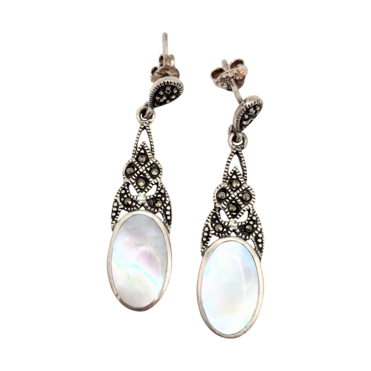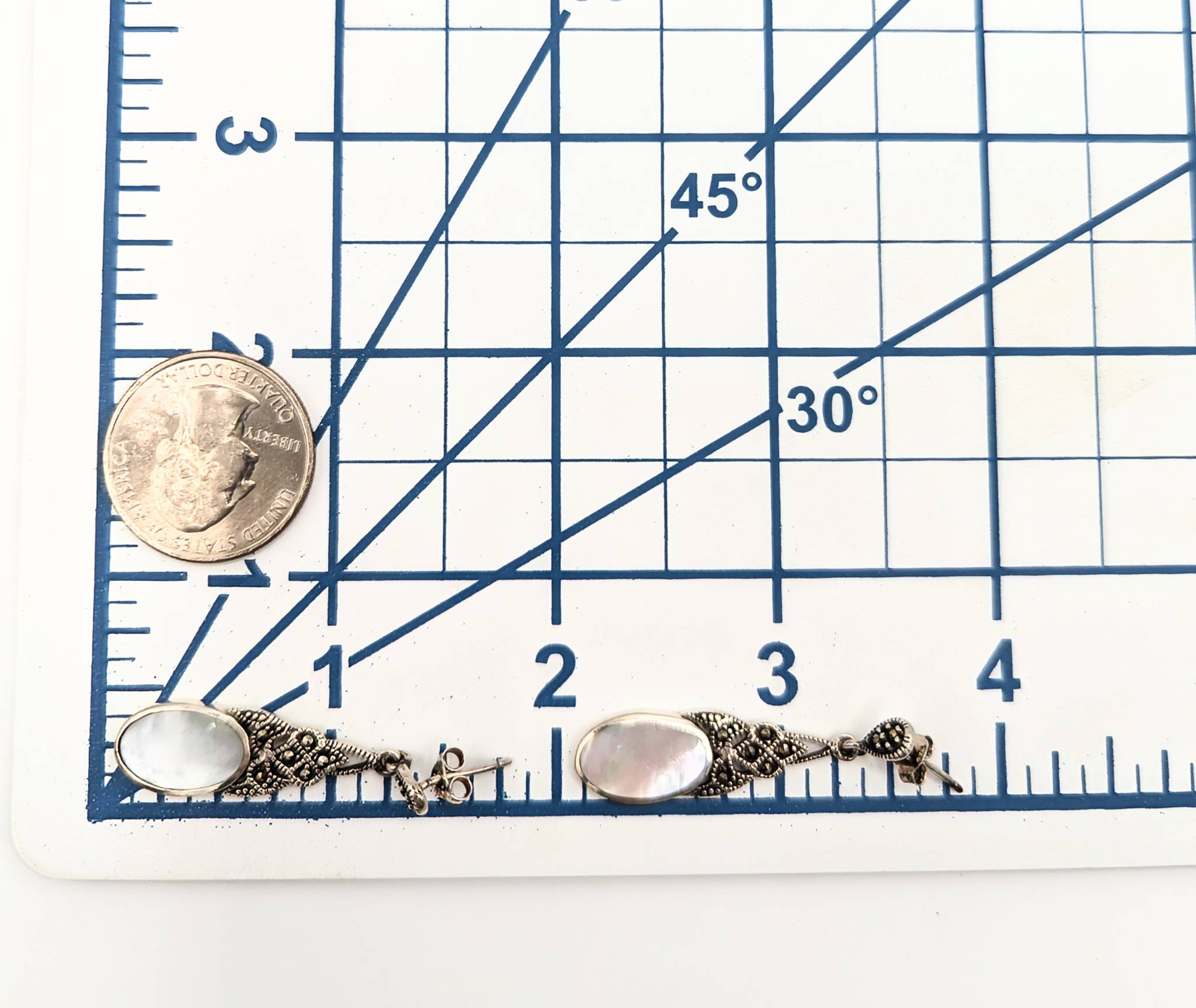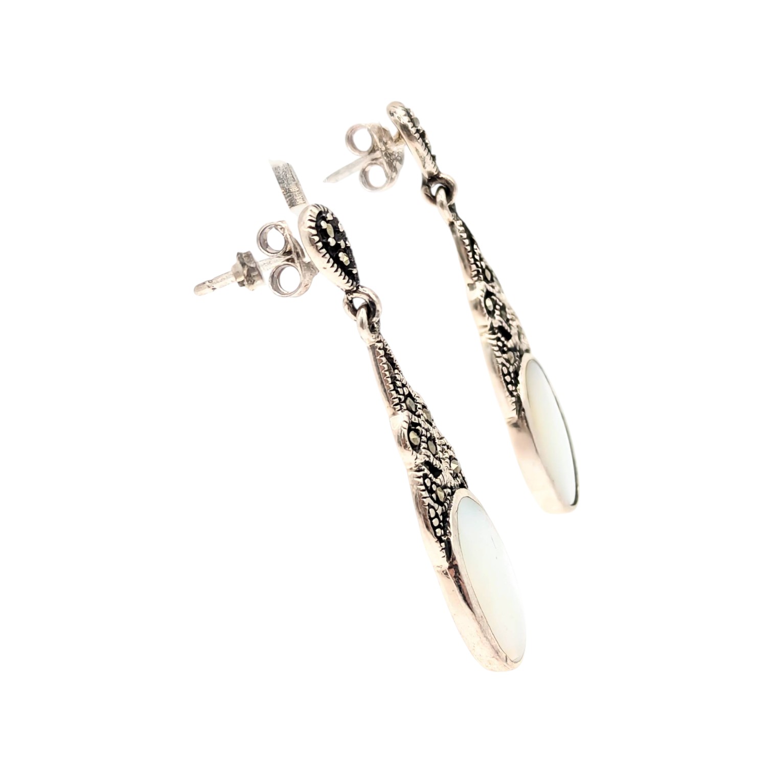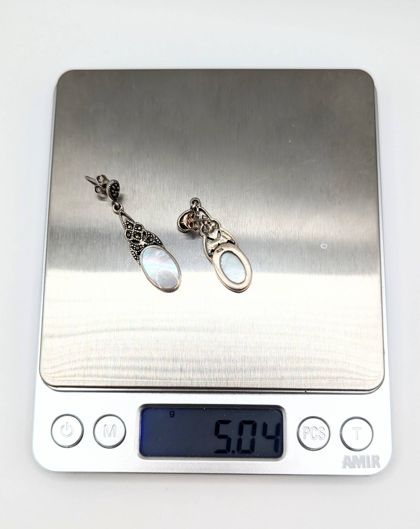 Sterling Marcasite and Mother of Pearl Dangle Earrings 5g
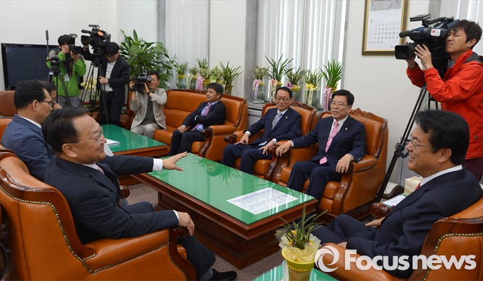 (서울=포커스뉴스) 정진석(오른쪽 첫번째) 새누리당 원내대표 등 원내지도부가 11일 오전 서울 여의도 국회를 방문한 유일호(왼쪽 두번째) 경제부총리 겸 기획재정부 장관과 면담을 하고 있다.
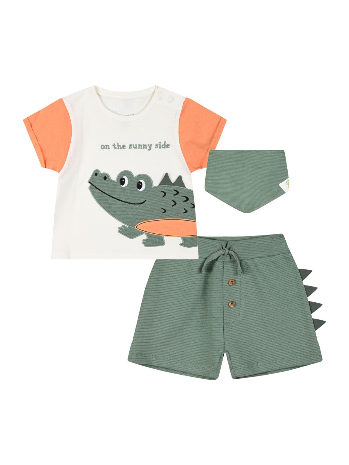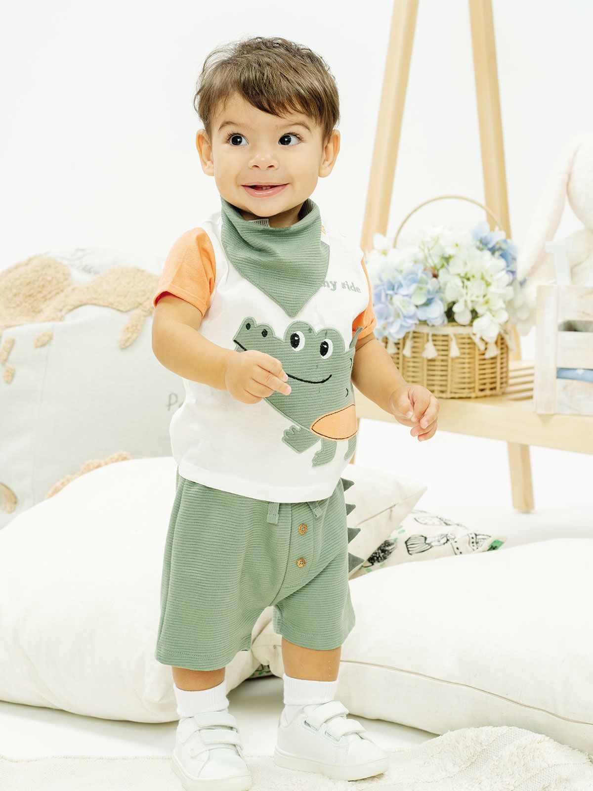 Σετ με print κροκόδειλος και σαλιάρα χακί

Work item
Every line from the one with "(서울=포커스뉴스) 정진석(오른쪽 첫번째)" through the last line of the material gets printed exactly, and nothing more. Omit the pictures.

Result for this task
 (서울=포커스뉴스) 정진석(오른쪽 첫번째) 새누리당 원내대표 등 원내지도부가 11일 오전 서울 여의도 국회를 방문한 유일호(왼쪽 두번째) 경제부총리 겸 기획재정부 장관과 면담을 하고 있다.
 Σετ με print κροκόδειλος και σαλιάρα χακί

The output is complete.